The day after watching Hotel by the River, I took a nap and woke up, its sense-impressions still burning, my craw twisted—and so, easily ascribed to its melancholia, its death-centered theme, tears were in my eyes. Many films look at the process of death, even the celebrated Cold War that is a little too perfectly calibrated than Paweł Pawlikowski's more mysterious Ida was, but Hotel by the River is unique in that is encapsulates what it's like to die alone in these dark days of technologized time constantly speeding up and overtaking us. Phones are rampant in his films, but our parents, whom we constantly seek out, either in flesh or memory, to approve or infuriate us, aren't always too interested in answering theirs. We lie to appease them, because we think it's better if they don't know something (one of the poet's sons still hasn't told his father he's divorced). The old poet offers just enough wisdom and unapologetic pathos (“You can't keep living with someone out of regret,” he explains about his leaving their mother) to debauch the possibility of his hotel time being a mere sentimental journey—he also relates a quasi-parable about the two minds of a person (one of heaven and one of the street) that is tied to his younger son's name and it is just about the best moment all three share. Early on he is unable to hug his younger, more emotionally fragile son after the young man tells him he has missed him and bores in for closeness (arm pat only), and soon has an idea that giving them presents (stuffed animals) will help dispatch them, as he regrets ever reaching out. The repeated call “Dad! Dad!” (happening twice in the film—once for comic effect), acts as the cynosure, the golden fleece handed down to the audience to make us understand that: Yes, this is what the death of our parents was like, and this is what it will be like—an amalgamation so much more terrifying than anything in contemporary horror, something out of the Bergman and Dreyer (Ordet is listed on Hong's top ten favorite films) playbooks—black and white film forever the best format when tackling the nth subject.

What so excites Hong's base—that is, cinephiles who know that the most exciting things happening in the art (not counting special effects, if that excites you) are taking place in almost every country but our own—is his impetus to simply gather a camera, his small crew, and actors who will work for little and make a film. Martin Scorsese once said of John Cassavetes, “He taught us that you can pick up a camera and shoot a movie...when you start shooting, it's like a drug and you keep going...” This though, is not as simple as it sounds. It's incredible that artistic filmmaking can really have little to do with the story or the form employed, but all to do with the biography of the person in charge—the “what the artist has to say” bromide. Hong obliterates his personality for something higher and lasting; in a T.S. Eliot style: “[Art] is not a turning loose of emotion, but an escape from emotion. It is not an expression of personality, but an escape from personality. ... What happens [to the poet] is a continual surrender of himself as he is at the moment to something more valuable.
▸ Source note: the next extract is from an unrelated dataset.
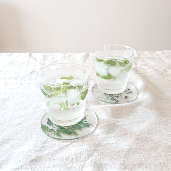 透明感が素敵なデザインのコースターを頂いたので、シンプルなカルティオのクリアと合わせてみました。イメージ通りのさわやかなコーディネートに大満足!暑い季節は見た目から涼しげな雰囲気にするのも大事ですね。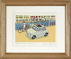 イラストレーターYasuo OkumaのシルクスクリーンMy dear CarシリーズのNo.14です。チンクチェントのルーフに自転車を積んで海辺へサイクリング。■インチサイズ木製フレーム付。■フレームサイズ: 285×237mm■限定数:200枚(サイン、エディションナンバー入り)

The progress of an artist is a continual self-sacrifice, a continual extinction of personality.” So the digitized frames (or the few still using ones with an emulsion side) carry the very personal thoughts, fears, and feelings translated to where to put the camera, what the actors should say, what the audience should see, and what it should be directed to, hopefully, imagine—all this comes from the right profile. As the years go by and Hongs's filmography swells further, his biography (the affair with his main actress notwithstanding) lessens. The work stands for the person—the goal for most artists.